Created attachment 21608 [details]
I'm writing some files (about 200MB) on a DVD-RW with the pktcdvd driver.
The writing starts with good rate and then it drops down to 16 kB/s, and it can not go back to better rates until the write operation has finished and the system has synced.
Switching /dev/sr0 to anticipatory scheduler does restore normal rates (up to 2700 kB/s).
How to reproduce :
- format a DVD-RW for packet-writing
- # pktsetup 0 /dev/sr0
- # mount -o noatime,nodiratime,rw /dev/pktcdvd/pktcdvd0 /media/pkt
- # dd if=/dev/zero of=/media/pkt/flexbackup/test bs=1024K count=8 conv=fdatasync
I bisected this behaviour to the following commit:
2f5cb7381b737e24c8046fd4aeab571fb71315f5 is first bad commit
Author: Jens Axboe <email@example.com>
Date: Tue Apr 7 08:51:19 2009 +0200
cfq-iosched: change dispatch logic to deal with single requests at the time
The IO scheduler core calls into the IO scheduler dispatch_request hook
to move requests from the IO scheduler and into the driver dispatch
list. It only does so when the dispatch list is empty. CFQ moves several
requests to the dispatch list, which can cause higher latencies if we
suddenly have to switch to some important sync IO. Change the logic to
move one request at the time instead.
This should almost be functionally equivalent to what we did before,
except that we now honor 'quantum' as the maximum queue depth at the
device side from any single cfqq. If there's just a single active
cfqq, we allow up to 4 times the normal quantum.
Signed-off-by: Jens Axboe <firstname.lastname@example.org>
:040000 040000 be8b0f16d8faba88fc04e877eaa9240ec5d00648 5fd6eb925f065f411ed0d387277e45ba722ea154 M block
I was unable to revert because of too many conflicts.
(please note: the kernel is actually vanilla kernel with reiser4 patches)
Created attachment 21609 [details]
Created attachment 21650 [details]
I don't have a lot of ideas on this one, behaviour should be pretty much identical to before. Can you try with this debug patch? It disables some of the logic that stops queuing, we call that on a different scope now, so it may be related.
Sorry jens, this patch (attachment 21650 [details]) does not help, the rate of writing still drops down to 16 kB/s.
Could you provide a blktrace trace for the two kernels (one that works well, and one that doesn't)? Please also include the kernel versions you tested.
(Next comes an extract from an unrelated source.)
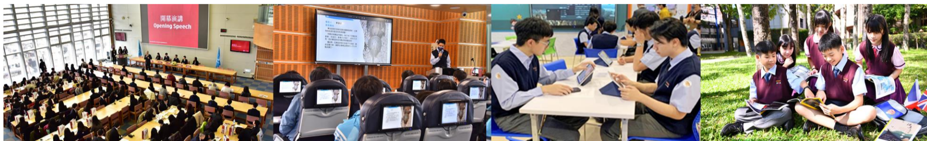
多元適性 / 全人教育【南山中學】提供全方位的教育、運用數位、探索學習，讓不同特質的孩子，都能發展興趣與潛能！

本校教學大樓皆有不同的教學功能，提供學生多元的學習空間。大型閱覽室、實驗室、體育館、健身房、舞蹈教室、樂活空間、大師工坊、天馬劇場、創意教室、情境教室、數位圖書館、e化教室及人文講堂。每項設備都強化教與學的品質。全校每間教室裡均有完善的教學設備，包含數位講桌、電子白板、無聲廣播、節能中央空調及二氧化碳偵測器，提供學生優良的學習環境。南山藝廊，是學校的一大特點，定期舉辦各種藝文展覽，讓學習沉浸在美感之中，提升學習溫度。

Created attachment 21844 [details]
blktrace of /dev/sr0, dd was slow (16 KB/s) until sr0 was switched to noop scheduler
Sorry for the being so long.
So here is blktrace output for a bad "dd if=/dev/zero of=/media/pkt/flexbackup/test bs=1024K count=8 conv=fdatasync" session. Writing was very slow until I switched sr0 to noop scheduler.
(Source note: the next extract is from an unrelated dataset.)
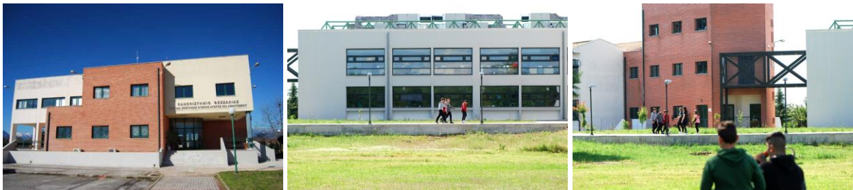
Μέρος των εγκαταστάσεων του ΤΕΦΑΑ.

Kernel version is 2.6.30-rc8
Created attachment 21845 [details]
blktrace of /dev/sr0, dd speed was good
And here is another blktrace of /dev/sr0, same kernel (2.6.30-rc8), cfq scheduler.
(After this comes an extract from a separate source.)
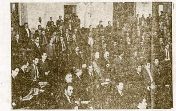
Meksikos seimas posėdy. Iš 142 naujai išrinktų atstovų 110 eina su dabartiniu prezidentu Cardenas ir naujai išrinktu prezidentu Camacho.

In this run, dd speed was good enough, it completed within 14 seconds (about 600 kB/s).
To be precise, the good trace was captured first, and the wrong trace was captured later. No boot between the two blktrace.
If you kill hal, does it make any difference to the performance?
Created attachment 21846 [details]
blktrace of /dev/sr0, no HAL daemon, dd speed was slow
no, killing HAL daemon does not help.
Thanks for providing this information! Just a note, it's much easier for me to consume the binary trace data, as there are utilities than can be run on that data to analyse it.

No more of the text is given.